Брендон подозрительно покосился, но не ответил.
– Считается – и не случайно, – продолжал Стивен, – что человек, переступивший черту, нарушивший нравственный запрет убивать, опасен для окружающих, потому что, убив один раз, он сделает это и во второй. Так старая дева, потерявшая наконец в пятьдесят лет невинность, восклицает: «Ах, как же это просто!
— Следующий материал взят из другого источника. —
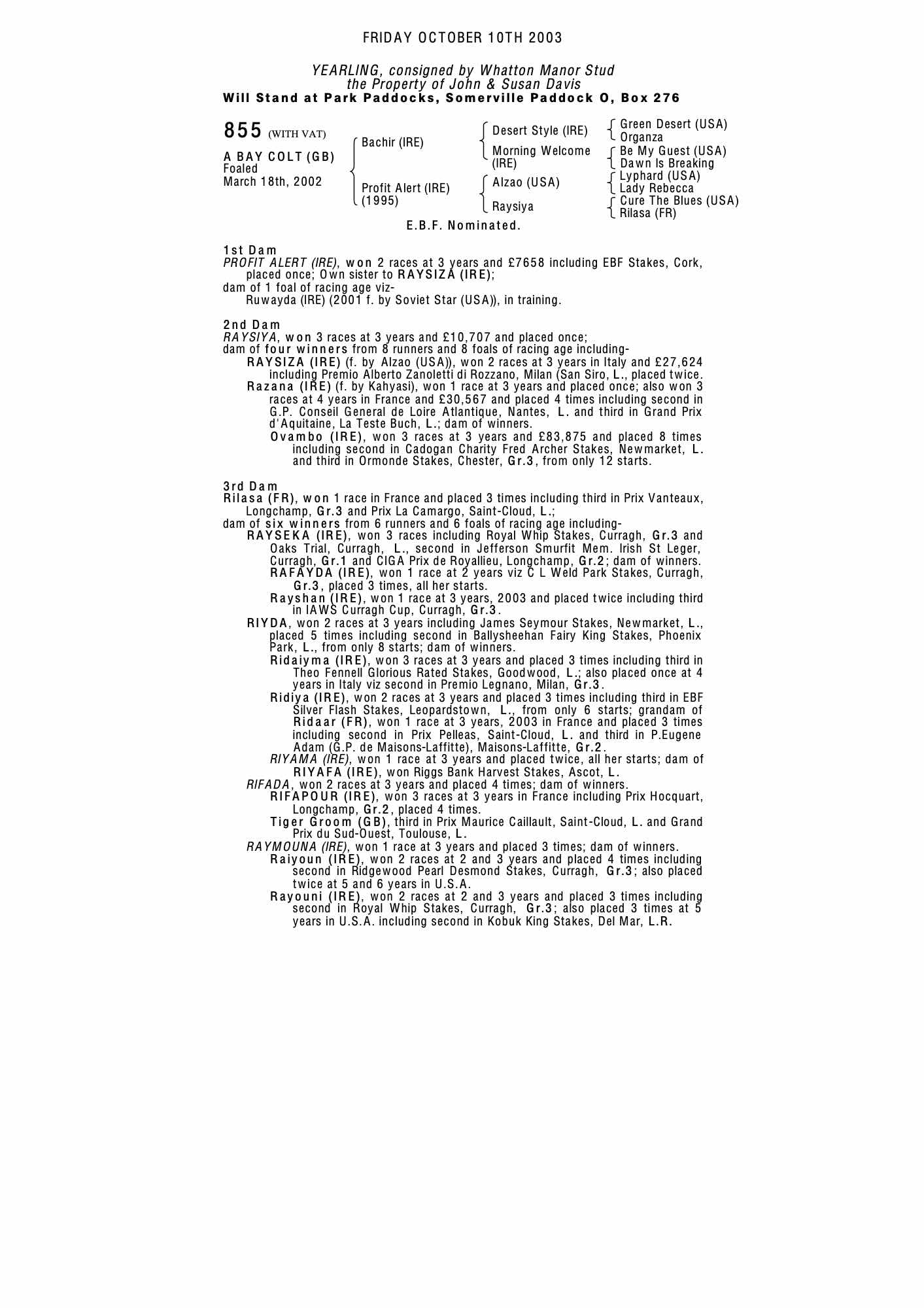 October Yearling Sale 2002 lot 762 F. by Soviet Star (USA) 2001, Whatton Manor Stud=>John McCormack Bloodstock 55,000 gns

И почему я не отважилась раньше?» – и тут же пускается во все тяжкие. Люди и сами не могут объяснить, почему их охватывает тревога, когда они слышат слово «преступник». Скорее всего, они подсознательно чувствуют, что невинность нравственная – вещь невосстановимая, и потерявший ее разверзает перед собой пропасть без дна…
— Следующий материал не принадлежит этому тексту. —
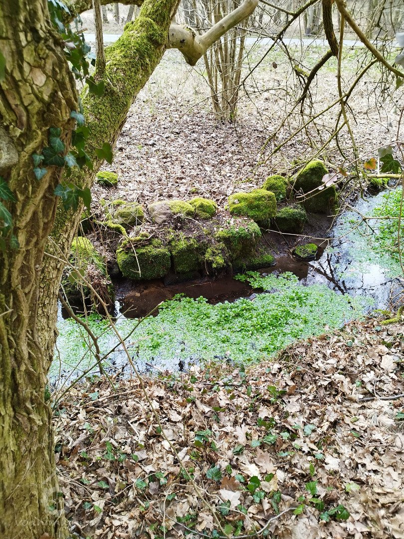 Druhé stavědlo asi 150 m před mlýnem, 6.4.2018, © Vladimír Kraus, (Prvky na obrázku: náhon, stavidlo)
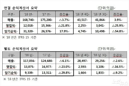 매출과 영업이익은 2017년(구 회계기준) 대비 각각 3.7%, 21.8% 감소했다. 순이익은 SK하이닉스의 역대 최고 실적에 따른 지분법 이익 영향으로 전년 대비 17.9% 증가했다.

– Я не понимаю: ты сейчас говоришь о себе или просто философствуешь? – нахмурившись, спросил Брендон.
Стив пропустил его вопрос мимо ушей.
– Знаешь, убить ведь легко… – тихо проговорил он, и взгляд его скользнул куда-то вдаль, – труднее то, что до этого и что после… а убить… легко…
– Во второй раз легче, чем в первый, и легче с каждым разом? – попытался развить его мысль Брендон.
– Не знаю… мне кажется, да…
– Стив, – серьезным тоном произнес Брендон, – мой тебе совет: выбрось все это из головы. Я не разделяю ни одной твоей идеи по этому поводу и не испытываю ни страха, ни его подобия, находясь рядом с тобой. И могу тебя заверить, что я не являюсь редким исключением.
– Все равно, – вздохнул Стивен, – то, что нас с тобой разделяет, сильнее того, что связывает.
– Почему? Если бы речь шла, скажем, о жизни моих детей, я убил бы кого угодно, не раздумывая!
Стивен покачал головой:
– Для тебя убийство – лишь теоретически возможная вещь, а для меня – свершившийся факт. Мы с тобой на разных полюсах событий и понять друг друга до конца не сможем никогда.
– Раньше ты утверждал обратное: что если мы считаем себя способными совершить какой-то поступок, то нет большой разницы в том, совершим ли мы его когда-нибудь или нет.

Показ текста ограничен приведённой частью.